Work to be completed: When writing out the listing below, reproduce every word exactly and skip the pictures.
Input data: Begin
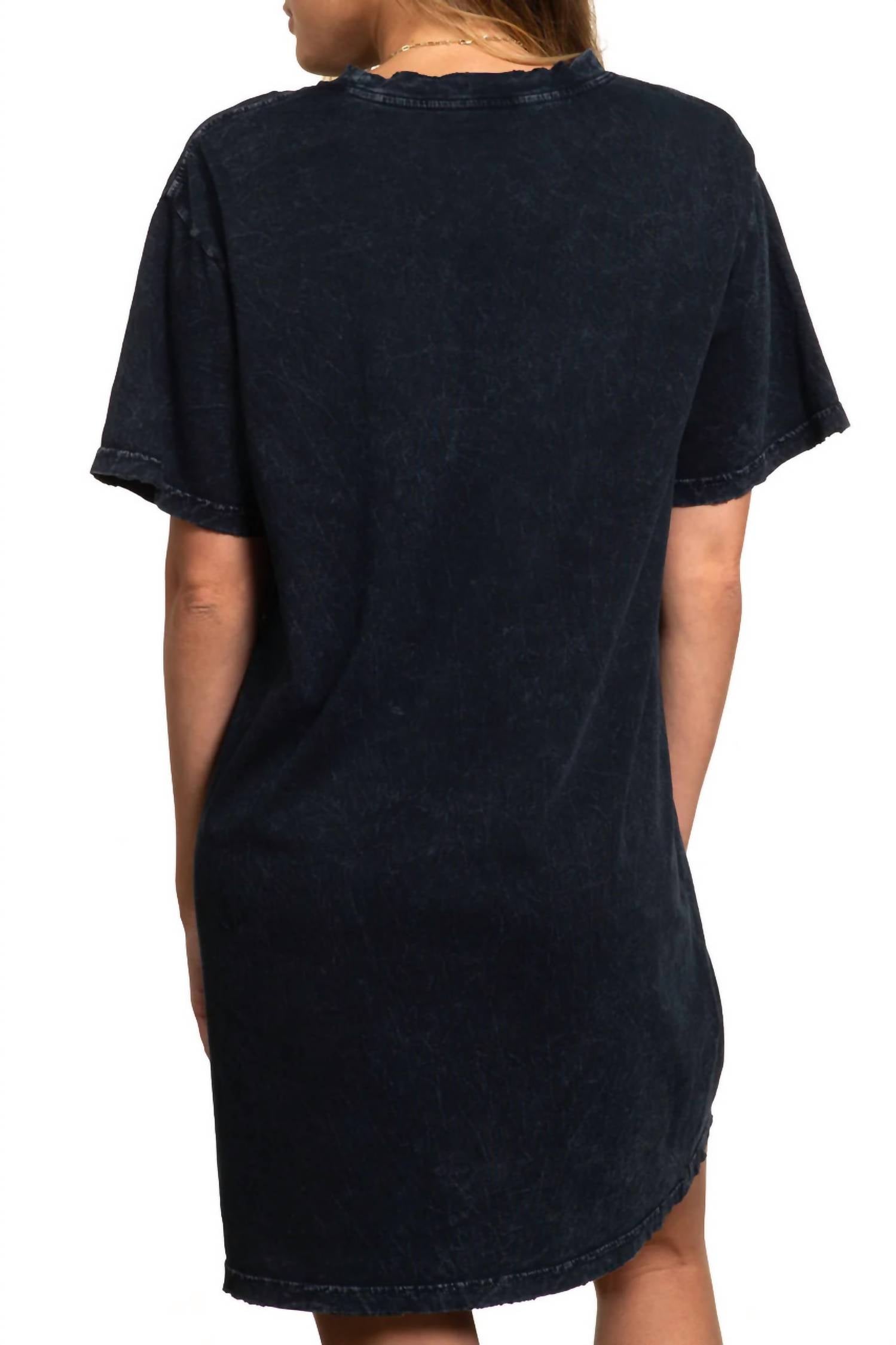 Introducing the Cosmic Wild Short Sleeve Shirt Dress by Affliction, a stylish mini dress in a striking Black Lava Wash. This women's shift dress features a graphic pattern with unique grinding details on the neck, sleeves, and bottom opening, perfect for concert occasions and streetwear style. Designed with a crewneck and pull-on closure for easy wear, it pairs beautifully with your summer wardrobe. Please note, wash and dry instructions are not available.
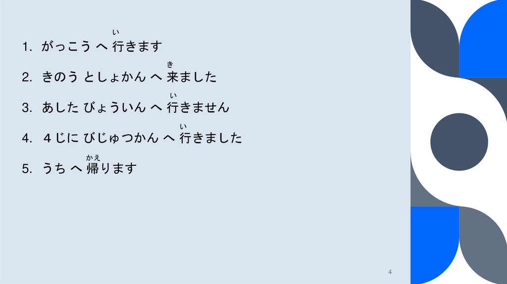 3. СУЩ(место) へ 行きます / 来ます / 帰ります
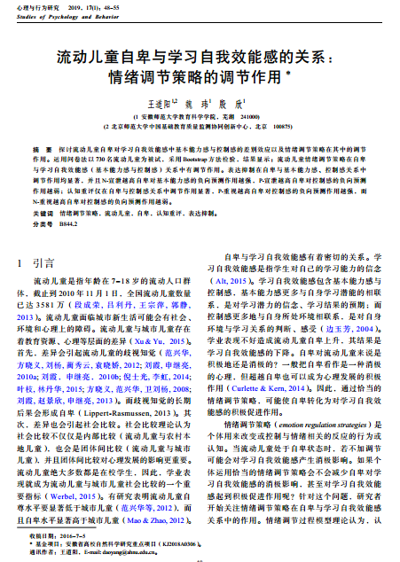 流动儿童自卑与学习自我效能感的关系_情绪调节策略的调节作用_王道阳.pdf
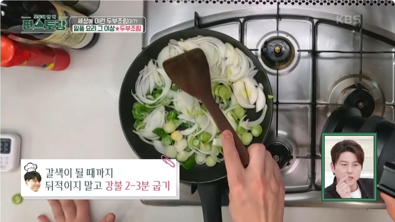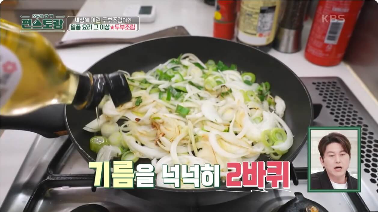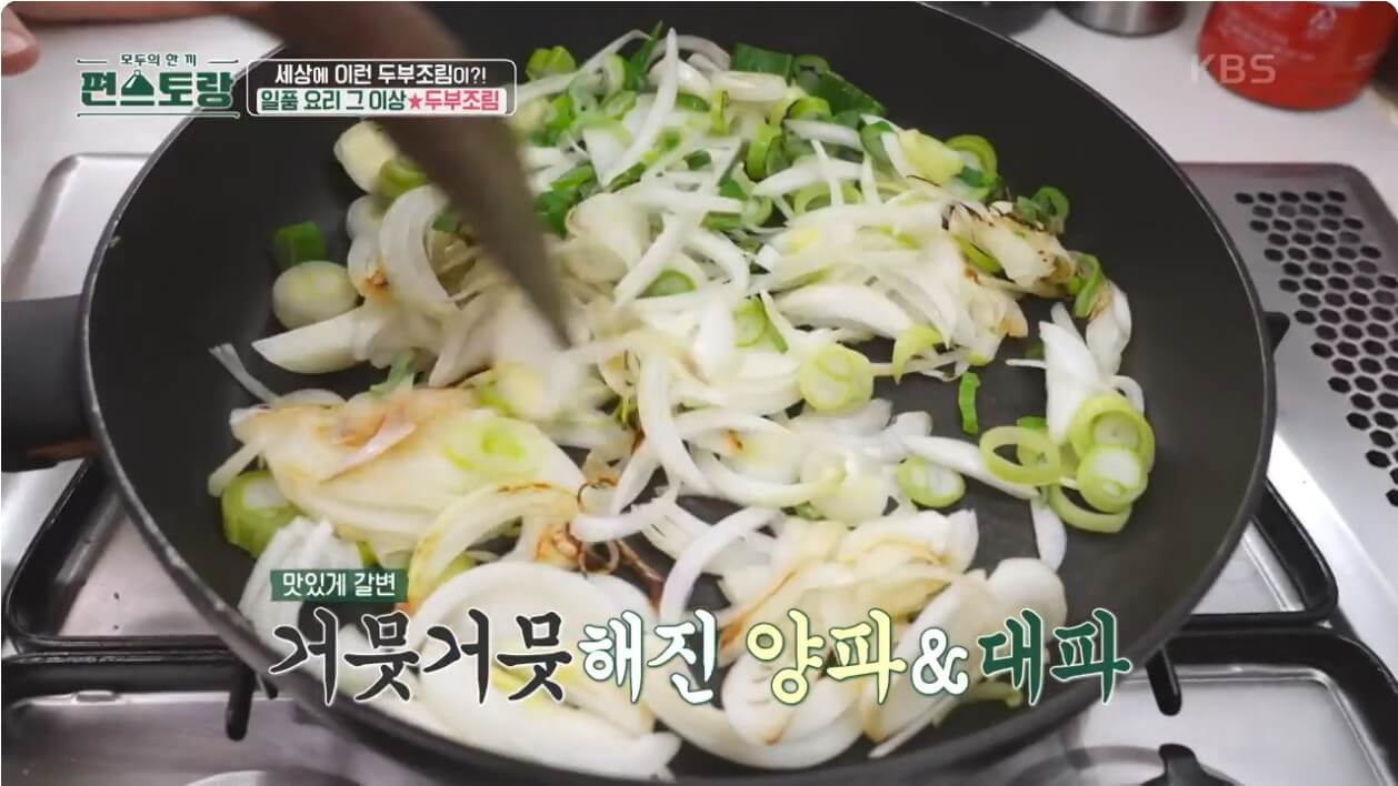1. 예열된 팬에 썰어둔 양파, 대파를 넣어 강불에 구워준다.
Input data: End
Finished task:
 Introducing the Cosmic Wild Short Sleeve Shirt Dress by Affliction, a stylish mini dress in a striking Black Lava Wash. This women's shift dress features a graphic pattern with unique grinding details on the neck, sleeves, and bottom opening, perfect for concert occasions and streetwear style. Designed with a crewneck and pull-on closure for easy wear, it pairs beautifully with your summer wardrobe. Please note, wash and dry instructions are not available.
 3. СУЩ(место) へ 行きます / 来ます / 帰ります
 流动儿童自卑与学习自我效能感的关系_情绪调节策略的调节作用_王道阳.pdf
1. 예열된 팬에 썰어둔 양파, 대파를 넣어 강불에 구워준다.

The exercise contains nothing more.